The number of schoolchildren roughly halved since 2001. Back then, there were around 604 thousand, now there is around 300 thousand. The number of teaching jobs was not decreased respectively. From 2006, teaching expenses rose by an entire 53%, proportionately more than the EU average is spent on teacher’s wages. We do not get much out of this funding. The achievements of Lithuanian students are among the lowest in the entire EU.

The Finnish, South Korean and Singaporean education systems are held to be among the best in the world. In these countries, children’s education receives exceptional attention. Only those can become teachers, who finish university in the top third of students. They are paid excellent wages. The average wage of a gymnasium teacher in Finland is around 4,000 euro per month. In Singapore, school directors receive large bonuses if their students perform well. If exam results are poor, however, they are fired.

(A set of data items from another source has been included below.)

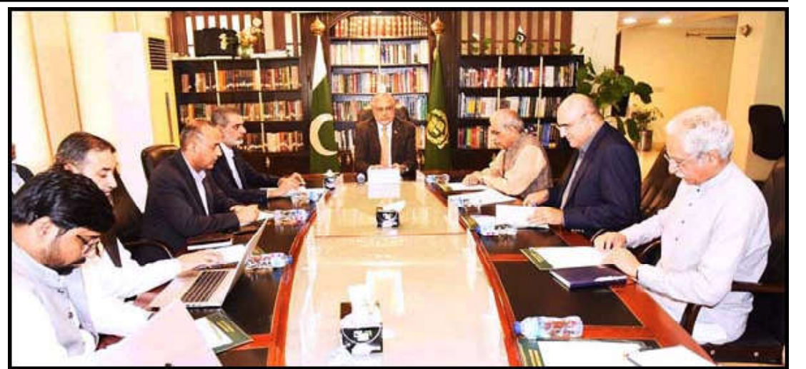
ISLAMABAD: Federal Minister for Finance and Revenue Senator Mohammad Ishaq Dar chaired a meeting on the establishment of Pakistan Sovereign Wealth Fund, at Finance Division.

development and long-term business partnerships between Pakistan and China. He said that Pakistan was establishing many special economic zones under CPEC and it was a good opportunity for Chinese companies to transfer technology to Pakistan and set up joint ventures in areas of interest. He said that ICCI is working on a new industrial estate in the region.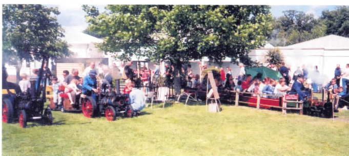
Road and Rail Rides.

O n Saturday the 21st of June, Brighton Road Baptist Church had their annual Sunday School Day, 'Picnic Outing' with lots of fun and games.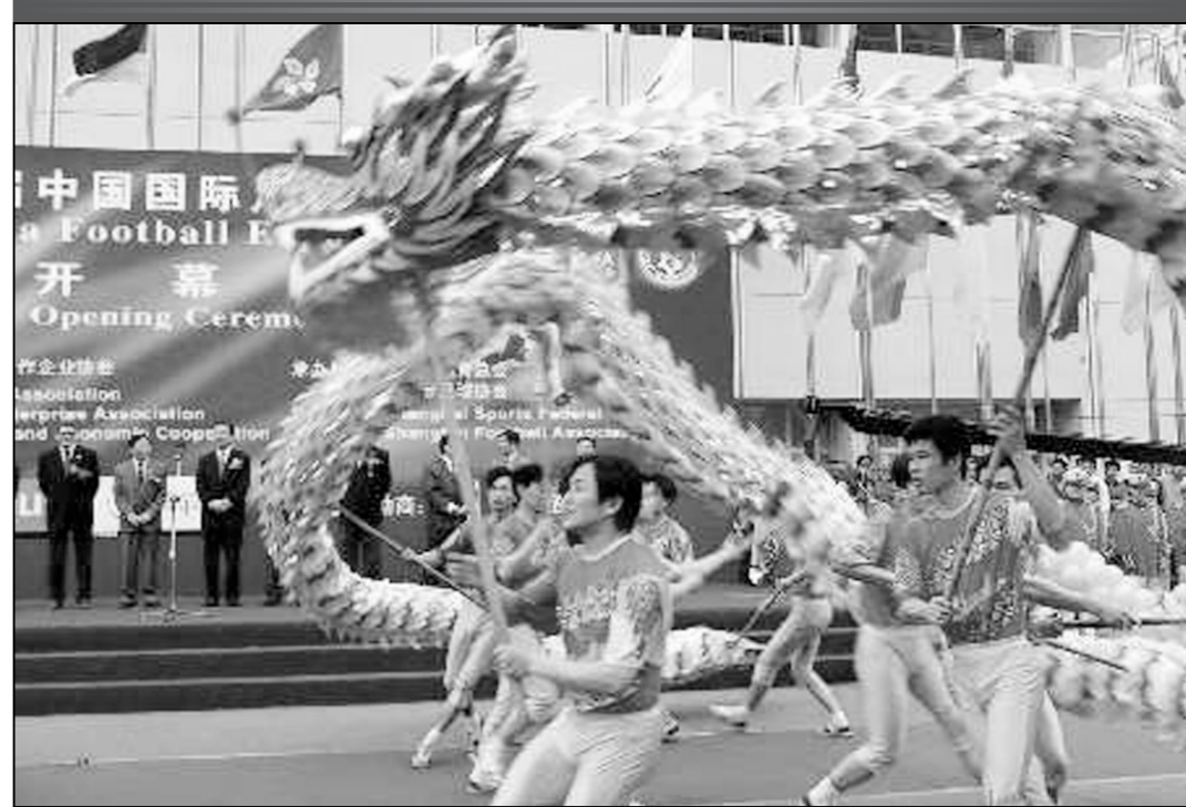
Chinese dragon-dancers perform during the opening ceremony of the China International Football Expo in Shanghai yesterday. The Chinese soccer team is preparing for its first ever World Cup tournament after a 44-year wait, with the nation currently in the grip of a soccer fever.

We will eventually have to choose – many teachers, who work little or fewer, who earn more. And we will have to make difficult decisions such as which professions to support more and which – less. Or to continue increasing untaxed income sizes or children’s money.

Over the past years, tax has comprised an ever lower percentage of the GDP, thus making the country poorer.

Even if a different course is chosen, a significant improvement will take time.

Public sector staff must understand that it is futile to demand higher wages if at the same time they do not demand more tax revenue and reforms in their areas of work so that they would match the demands and demographics of today.